Here's a quick example where we have different database credentials for alpha and live environments.
{
"targets": {
"alpha": {
"app_id": "myapp-alpha",
"version": "alpha++",
"require_label": false,
"environment": {
"APP_DB_USER": "root",
"APP_DB_NAME": "DatabaseName",
"APP_DB_SOCKET": "/cloudsql/myapp:instance"
}
},
"live": {
"app_id": "myapp",
"version": "2",
"require_label": true,
"environment": {
"APP_DB_USER": "root",
"APP_DB_NAME": "LiveDatabaseName",
"APP_DB_SOCKET": "/cloudsql/myapp:instance"
}
}
}
}You can configure the environment variables for your local development server in your yaml files like this:
env_variables:
APP_DB_USER: root
APP_DB_NAME: localdbDeployment targets configured in deploy.json are executed using the deploy command, which is made available the vendor/bin folder by Composer.
For example, from your project root:
Deploy the examples module to the alpha target environment
vendor/bin/deploy --run --module=examples --target=alphaCreate a template deploy.json file
vendor/bin/deploy --initShow the planned appcfg.py command for a deployment, but do not run it
vendor/bin/deploy --test --module=default --target=liveList the configured deployment targets
vendor/bin/deploy --verbose targetsYou can use either app or default to deploy the default App Engine module (which is configured in your app.yaml file).

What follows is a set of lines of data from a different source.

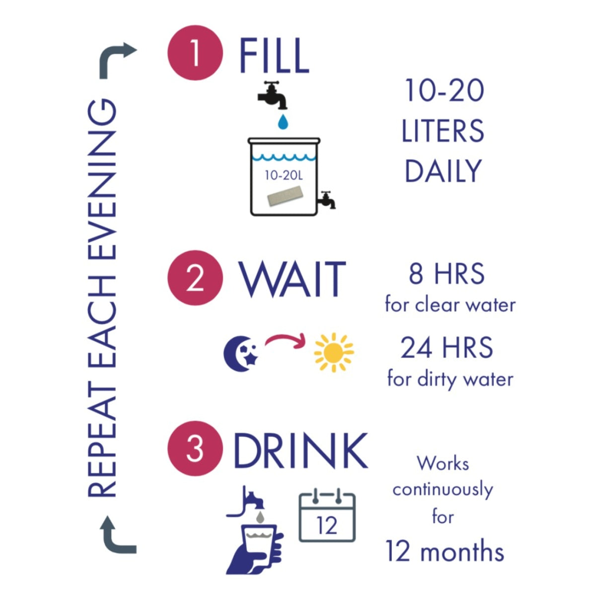 - Low Cost: Provides a family with 12+ months of safe water at the lowest possible cost.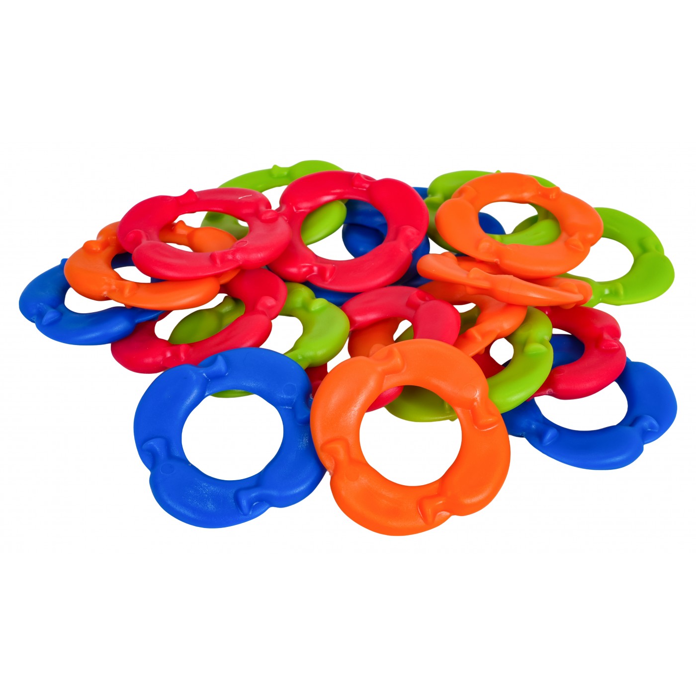 - movable gorilla figure, - 5 green discs, - 5 red discs, - 5 blue discs, - 5 orange discs. |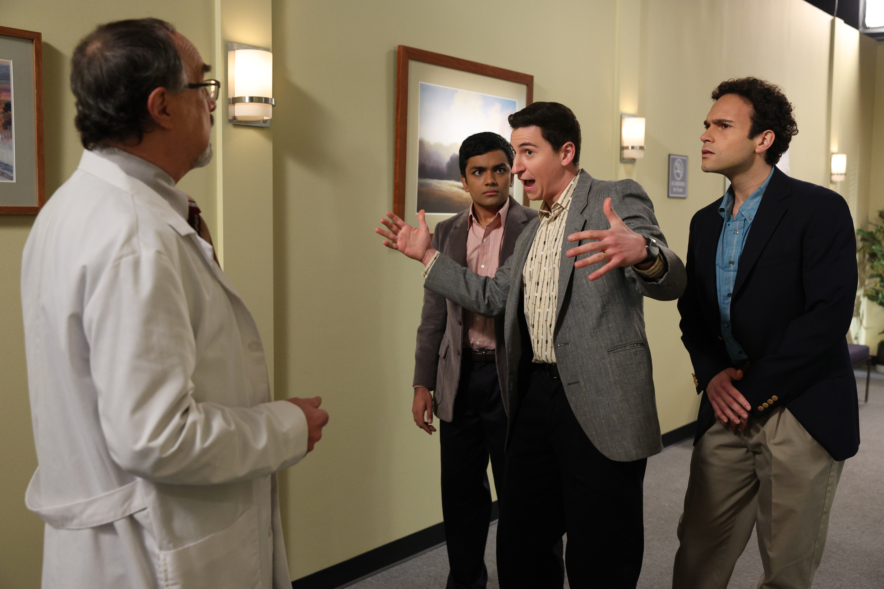 THE GOLDBERGS - “School-ercise” – When Beverly steps in for PE coach at William Penn Academy, Adam reluctantly takes her Jazzercise class. He is surprised to find enjoyment in it, until Beverly suffers an embarrassing incident – causing Adam the ultimate humiliation. Brea steps in to show Adam his mother’s good intentions and he ultimately comes to her defense. Meanwhile, Barry and Geoff find themselves both up for the same medical internship – causing conflict in their budding friendship on an all-new episode of The Goldbergs,” airing WEDNESDAY, APRIL 13 (8:00-8:30 p.m. EDT), on ABC. (ABC/Raymond Liu) SURAJ PARTHA, SAM LERNER, TROY GENTILE

Each target is a different deployment, like "staging" and "production".
They must be uniquely named.
If you suffix your version name with ++ then we will auto-increment the version on each deployment.
In the example above, the first deployment gets alpha1 and the second alpha2 and so on.
In order to do this, we have to be able to detect what versions are already running. So, if you delete all your versions, we will start at 1 again.
You can supply a version label like this:
vendor/bin/deploy --run --module=examples --target=alpha --label=rel200When the code is deployed, the label will be suffixed to the version number. So, for example if the version is "alpha3":
alpha3-rel200
If your configuration defines "require_label" as true, when you deploy to that target, you will be required to enter a label. This is particularly useful for production environments, for managing feature releases, etc.
Important Labels must match the following regex: [a-zA-Z0-9_]+ (one or more alphanumerics or underscores)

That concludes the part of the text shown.